== ACTION ITEM ==
Return only this: the line with "Обмежте кількість споживаного" and all the lines that follow it below, through the final one, exactly as they are.

== SOURCE INFORMATION ==

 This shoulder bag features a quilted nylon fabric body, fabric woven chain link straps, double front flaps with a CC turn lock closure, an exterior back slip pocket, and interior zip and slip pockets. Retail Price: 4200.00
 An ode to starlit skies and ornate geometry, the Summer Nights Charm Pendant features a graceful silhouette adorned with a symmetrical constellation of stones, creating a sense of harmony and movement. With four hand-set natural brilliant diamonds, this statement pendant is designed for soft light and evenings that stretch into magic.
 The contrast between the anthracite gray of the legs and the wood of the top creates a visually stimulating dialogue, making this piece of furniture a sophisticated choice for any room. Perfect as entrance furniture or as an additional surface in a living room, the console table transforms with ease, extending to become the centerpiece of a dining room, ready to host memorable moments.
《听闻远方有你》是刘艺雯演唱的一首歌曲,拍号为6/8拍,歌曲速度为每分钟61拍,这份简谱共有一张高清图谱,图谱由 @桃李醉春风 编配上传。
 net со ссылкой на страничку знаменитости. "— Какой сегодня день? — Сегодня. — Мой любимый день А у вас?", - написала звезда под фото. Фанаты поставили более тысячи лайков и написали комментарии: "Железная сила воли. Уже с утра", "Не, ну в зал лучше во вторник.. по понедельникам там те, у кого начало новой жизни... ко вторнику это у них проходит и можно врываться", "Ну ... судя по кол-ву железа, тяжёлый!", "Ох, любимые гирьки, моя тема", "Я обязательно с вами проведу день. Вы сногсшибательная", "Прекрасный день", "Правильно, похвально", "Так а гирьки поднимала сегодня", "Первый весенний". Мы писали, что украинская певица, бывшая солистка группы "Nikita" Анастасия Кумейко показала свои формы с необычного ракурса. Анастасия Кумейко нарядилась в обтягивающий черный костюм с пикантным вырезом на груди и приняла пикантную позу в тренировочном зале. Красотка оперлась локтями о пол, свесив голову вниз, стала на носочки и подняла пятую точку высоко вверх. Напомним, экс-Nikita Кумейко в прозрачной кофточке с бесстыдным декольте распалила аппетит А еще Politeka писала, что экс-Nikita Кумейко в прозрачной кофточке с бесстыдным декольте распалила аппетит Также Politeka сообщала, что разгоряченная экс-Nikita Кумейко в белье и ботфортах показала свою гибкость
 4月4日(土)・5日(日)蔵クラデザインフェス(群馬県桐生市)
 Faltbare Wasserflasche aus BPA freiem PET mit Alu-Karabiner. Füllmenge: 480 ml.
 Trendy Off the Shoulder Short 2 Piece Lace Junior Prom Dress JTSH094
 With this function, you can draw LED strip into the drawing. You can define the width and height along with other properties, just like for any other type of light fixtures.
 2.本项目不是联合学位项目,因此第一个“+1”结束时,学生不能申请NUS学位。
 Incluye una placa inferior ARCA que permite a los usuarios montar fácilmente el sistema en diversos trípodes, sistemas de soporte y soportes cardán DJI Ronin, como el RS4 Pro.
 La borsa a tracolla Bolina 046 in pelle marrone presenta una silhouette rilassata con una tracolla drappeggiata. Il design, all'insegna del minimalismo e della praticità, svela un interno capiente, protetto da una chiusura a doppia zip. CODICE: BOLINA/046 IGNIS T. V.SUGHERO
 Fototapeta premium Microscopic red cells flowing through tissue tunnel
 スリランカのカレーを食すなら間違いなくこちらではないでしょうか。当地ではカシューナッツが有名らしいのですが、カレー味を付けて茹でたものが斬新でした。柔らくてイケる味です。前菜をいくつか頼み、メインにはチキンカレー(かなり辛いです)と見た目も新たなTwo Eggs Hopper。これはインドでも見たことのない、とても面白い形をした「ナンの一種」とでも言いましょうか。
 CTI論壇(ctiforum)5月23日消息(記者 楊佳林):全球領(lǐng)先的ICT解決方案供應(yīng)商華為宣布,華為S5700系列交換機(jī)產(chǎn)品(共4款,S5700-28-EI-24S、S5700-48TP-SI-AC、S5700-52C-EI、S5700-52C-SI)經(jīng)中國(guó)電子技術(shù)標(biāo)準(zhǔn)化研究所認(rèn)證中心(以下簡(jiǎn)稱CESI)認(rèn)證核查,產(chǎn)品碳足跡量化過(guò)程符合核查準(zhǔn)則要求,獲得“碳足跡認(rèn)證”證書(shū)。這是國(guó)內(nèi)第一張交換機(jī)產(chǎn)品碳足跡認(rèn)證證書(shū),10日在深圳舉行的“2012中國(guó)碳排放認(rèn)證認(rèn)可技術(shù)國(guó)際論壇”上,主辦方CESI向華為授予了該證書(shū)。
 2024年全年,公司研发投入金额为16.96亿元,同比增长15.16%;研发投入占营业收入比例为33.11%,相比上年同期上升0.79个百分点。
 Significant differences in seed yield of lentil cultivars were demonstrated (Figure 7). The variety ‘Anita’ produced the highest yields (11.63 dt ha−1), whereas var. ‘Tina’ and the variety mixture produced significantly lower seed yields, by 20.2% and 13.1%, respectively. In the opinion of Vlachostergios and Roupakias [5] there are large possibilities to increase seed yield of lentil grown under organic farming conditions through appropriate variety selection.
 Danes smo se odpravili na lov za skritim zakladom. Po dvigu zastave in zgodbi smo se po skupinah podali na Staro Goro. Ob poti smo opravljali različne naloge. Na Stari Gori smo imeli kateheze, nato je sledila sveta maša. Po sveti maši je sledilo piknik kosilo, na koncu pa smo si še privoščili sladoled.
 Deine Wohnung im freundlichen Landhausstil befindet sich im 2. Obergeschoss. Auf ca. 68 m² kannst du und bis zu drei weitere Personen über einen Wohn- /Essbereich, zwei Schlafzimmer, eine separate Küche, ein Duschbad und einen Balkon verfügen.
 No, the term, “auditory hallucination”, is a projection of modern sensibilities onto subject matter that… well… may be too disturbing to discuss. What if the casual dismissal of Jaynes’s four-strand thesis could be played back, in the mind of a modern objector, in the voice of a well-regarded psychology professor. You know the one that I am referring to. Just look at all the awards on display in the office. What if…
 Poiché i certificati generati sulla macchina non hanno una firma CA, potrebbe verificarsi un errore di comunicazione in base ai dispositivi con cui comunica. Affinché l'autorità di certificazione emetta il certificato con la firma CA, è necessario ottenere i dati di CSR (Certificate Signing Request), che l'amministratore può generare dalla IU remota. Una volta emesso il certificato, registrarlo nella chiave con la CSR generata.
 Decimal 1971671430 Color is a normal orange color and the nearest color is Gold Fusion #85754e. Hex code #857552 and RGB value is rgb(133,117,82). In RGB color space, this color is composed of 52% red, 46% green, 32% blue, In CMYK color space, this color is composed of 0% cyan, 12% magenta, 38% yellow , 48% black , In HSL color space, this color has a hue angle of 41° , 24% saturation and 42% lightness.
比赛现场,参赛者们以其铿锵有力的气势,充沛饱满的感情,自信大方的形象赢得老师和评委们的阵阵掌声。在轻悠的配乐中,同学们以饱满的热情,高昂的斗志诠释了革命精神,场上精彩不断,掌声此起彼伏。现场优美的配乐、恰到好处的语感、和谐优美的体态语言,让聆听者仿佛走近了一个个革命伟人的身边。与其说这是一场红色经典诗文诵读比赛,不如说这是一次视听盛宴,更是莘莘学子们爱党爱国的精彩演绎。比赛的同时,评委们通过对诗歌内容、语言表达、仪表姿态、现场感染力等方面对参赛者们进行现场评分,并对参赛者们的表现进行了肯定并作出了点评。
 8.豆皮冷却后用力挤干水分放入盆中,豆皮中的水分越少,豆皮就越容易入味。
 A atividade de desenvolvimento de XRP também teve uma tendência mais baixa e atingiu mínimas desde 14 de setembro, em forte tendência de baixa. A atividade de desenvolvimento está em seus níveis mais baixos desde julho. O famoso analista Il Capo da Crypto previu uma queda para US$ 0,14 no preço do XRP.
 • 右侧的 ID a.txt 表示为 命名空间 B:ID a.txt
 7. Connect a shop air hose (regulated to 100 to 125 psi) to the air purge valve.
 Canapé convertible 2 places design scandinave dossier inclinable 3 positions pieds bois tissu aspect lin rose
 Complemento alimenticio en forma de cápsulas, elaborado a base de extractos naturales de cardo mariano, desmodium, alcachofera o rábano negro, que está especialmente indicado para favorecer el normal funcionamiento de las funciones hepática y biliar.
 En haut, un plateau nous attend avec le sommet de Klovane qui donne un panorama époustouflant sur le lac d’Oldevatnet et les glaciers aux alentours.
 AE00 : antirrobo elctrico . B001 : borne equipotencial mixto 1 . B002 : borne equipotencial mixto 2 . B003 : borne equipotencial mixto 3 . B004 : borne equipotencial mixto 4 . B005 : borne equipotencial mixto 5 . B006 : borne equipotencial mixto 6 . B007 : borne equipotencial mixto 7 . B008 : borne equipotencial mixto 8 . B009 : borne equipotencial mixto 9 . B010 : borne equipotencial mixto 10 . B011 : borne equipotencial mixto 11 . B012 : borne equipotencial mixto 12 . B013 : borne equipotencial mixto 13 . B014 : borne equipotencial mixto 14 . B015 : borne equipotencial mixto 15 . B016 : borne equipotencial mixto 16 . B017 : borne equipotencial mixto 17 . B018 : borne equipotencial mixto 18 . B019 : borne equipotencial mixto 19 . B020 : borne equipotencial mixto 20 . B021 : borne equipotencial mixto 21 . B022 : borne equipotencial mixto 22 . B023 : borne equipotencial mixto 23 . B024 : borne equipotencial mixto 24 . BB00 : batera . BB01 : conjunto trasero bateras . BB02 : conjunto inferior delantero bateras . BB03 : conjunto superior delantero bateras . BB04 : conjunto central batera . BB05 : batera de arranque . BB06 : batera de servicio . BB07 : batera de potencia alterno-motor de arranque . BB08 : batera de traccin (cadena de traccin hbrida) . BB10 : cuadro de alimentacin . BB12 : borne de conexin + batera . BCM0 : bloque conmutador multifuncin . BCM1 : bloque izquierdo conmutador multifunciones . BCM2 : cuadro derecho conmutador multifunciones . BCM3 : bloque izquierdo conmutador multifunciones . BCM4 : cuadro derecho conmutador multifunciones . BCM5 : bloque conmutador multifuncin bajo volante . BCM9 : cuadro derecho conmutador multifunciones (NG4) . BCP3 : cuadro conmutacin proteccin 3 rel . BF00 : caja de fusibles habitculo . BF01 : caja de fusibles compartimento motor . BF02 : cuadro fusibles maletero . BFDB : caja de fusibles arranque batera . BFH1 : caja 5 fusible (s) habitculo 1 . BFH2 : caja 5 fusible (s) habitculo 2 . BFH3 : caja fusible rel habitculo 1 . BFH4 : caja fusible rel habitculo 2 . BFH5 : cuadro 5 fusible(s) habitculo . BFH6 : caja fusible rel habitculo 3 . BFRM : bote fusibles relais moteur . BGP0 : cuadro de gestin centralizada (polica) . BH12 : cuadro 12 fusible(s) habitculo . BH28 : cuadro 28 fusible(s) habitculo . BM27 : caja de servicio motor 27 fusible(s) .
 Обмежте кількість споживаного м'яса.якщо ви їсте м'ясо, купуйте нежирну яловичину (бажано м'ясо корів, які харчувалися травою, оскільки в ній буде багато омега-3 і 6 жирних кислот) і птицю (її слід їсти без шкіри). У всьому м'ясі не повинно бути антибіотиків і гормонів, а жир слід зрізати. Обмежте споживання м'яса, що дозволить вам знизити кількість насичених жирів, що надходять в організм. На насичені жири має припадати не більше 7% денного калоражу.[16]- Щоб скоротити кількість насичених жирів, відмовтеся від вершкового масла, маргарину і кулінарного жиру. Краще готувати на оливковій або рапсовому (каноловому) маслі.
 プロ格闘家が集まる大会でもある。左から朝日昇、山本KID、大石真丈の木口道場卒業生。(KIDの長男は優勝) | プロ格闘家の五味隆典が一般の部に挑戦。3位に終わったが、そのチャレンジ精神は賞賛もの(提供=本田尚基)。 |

== ANSWER SECTION ==
 Обмежте кількість споживаного м'яса.якщо ви їсте м'ясо, купуйте нежирну яловичину (бажано м'ясо корів, які харчувалися травою, оскільки в ній буде багато омега-3 і 6 жирних кислот) і птицю (її слід їсти без шкіри). У всьому м'ясі не повинно бути антибіотиків і гормонів, а жир слід зрізати. Обмежте споживання м'яса, що дозволить вам знизити кількість насичених жирів, що надходять в організм. На насичені жири має припадати не більше 7% денного калоражу.[16]- Щоб скоротити кількість насичених жирів, відмовтеся від вершкового масла, маргарину і кулінарного жиру. Краще готувати на оливковій або рапсовому (каноловому) маслі.
 プロ格闘家が集まる大会でもある。左から朝日昇、山本KID、大石真丈の木口道場卒業生。(KIDの長男は優勝) | プロ格闘家の五味隆典が一般の部に挑戦。3位に終わったが、そのチャレンジ精神は賞賛もの(提供=本田尚基)。 |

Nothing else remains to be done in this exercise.